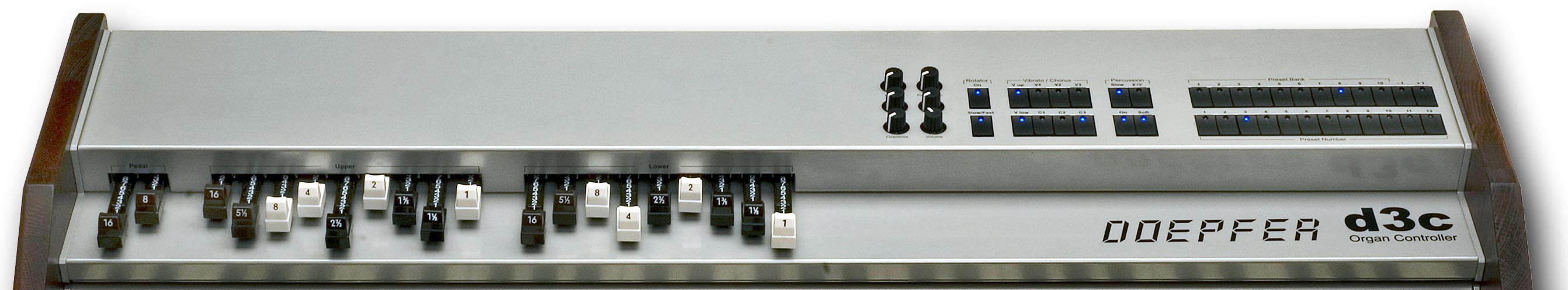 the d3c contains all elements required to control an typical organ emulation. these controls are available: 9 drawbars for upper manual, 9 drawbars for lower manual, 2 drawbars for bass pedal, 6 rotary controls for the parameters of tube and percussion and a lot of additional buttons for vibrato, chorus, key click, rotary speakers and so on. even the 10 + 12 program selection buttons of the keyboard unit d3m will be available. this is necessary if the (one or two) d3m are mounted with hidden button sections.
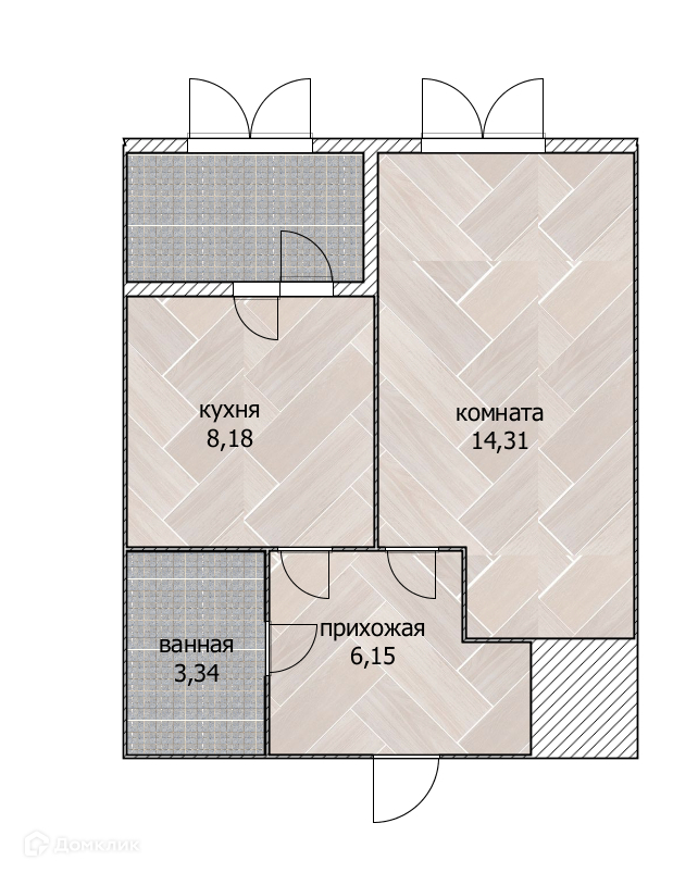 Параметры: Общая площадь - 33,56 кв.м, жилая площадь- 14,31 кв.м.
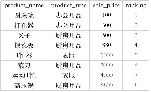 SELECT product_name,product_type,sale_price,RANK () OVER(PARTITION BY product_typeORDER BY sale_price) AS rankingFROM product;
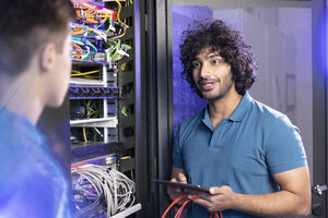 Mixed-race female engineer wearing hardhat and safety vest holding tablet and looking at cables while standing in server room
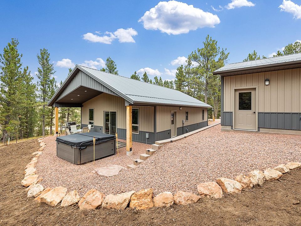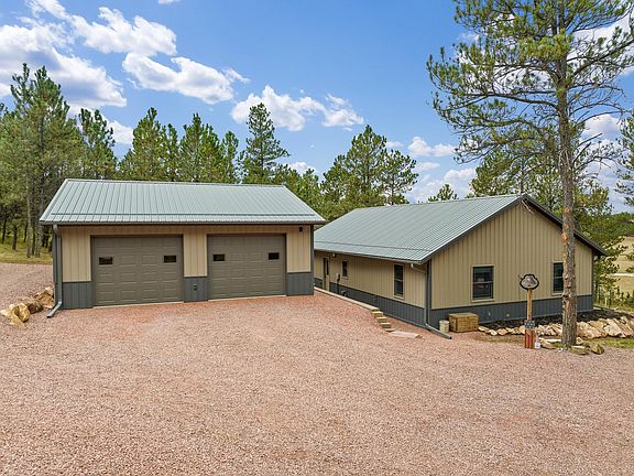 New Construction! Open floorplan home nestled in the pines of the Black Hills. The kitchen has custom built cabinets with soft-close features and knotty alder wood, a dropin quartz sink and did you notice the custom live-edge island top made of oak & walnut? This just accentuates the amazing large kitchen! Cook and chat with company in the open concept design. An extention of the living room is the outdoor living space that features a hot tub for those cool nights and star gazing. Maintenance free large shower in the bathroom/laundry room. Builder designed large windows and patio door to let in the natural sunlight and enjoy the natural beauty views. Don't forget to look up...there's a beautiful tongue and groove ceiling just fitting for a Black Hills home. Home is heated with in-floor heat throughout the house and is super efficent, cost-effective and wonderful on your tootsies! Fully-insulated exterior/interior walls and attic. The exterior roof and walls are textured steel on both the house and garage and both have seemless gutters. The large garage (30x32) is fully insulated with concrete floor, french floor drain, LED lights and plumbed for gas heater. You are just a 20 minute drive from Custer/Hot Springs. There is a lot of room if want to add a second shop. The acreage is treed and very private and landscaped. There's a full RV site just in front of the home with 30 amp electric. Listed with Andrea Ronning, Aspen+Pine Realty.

• **WHAT YOU ARE ASKED TO DO**:
Exactly as written, repeat the lines of the material above from the first through the line holding "Mixed-race female engineer", with both ends in the copy and no pictures.

• **SOLUTION TO THIS PROBLEM**:
 the d3c contains all elements required to control an typical organ emulation. these controls are available: 9 drawbars for upper manual, 9 drawbars for lower manual, 2 drawbars for bass pedal, 6 rotary controls for the parameters of tube and percussion and a lot of additional buttons for vibrato, chorus, key click, rotary speakers and so on. even the 10 + 12 program selection buttons of the keyboard unit d3m will be available. this is necessary if the (one or two) d3m are mounted with hidden button sections.
 Параметры: Общая площадь - 33,56 кв.м, жилая площадь- 14,31 кв.м.
 SELECT product_name,product_type,sale_price,RANK () OVER(PARTITION BY product_typeORDER BY sale_price) AS rankingFROM product;
 Mixed-race female engineer wearing hardhat and safety vest holding tablet and looking at cables while standing in server room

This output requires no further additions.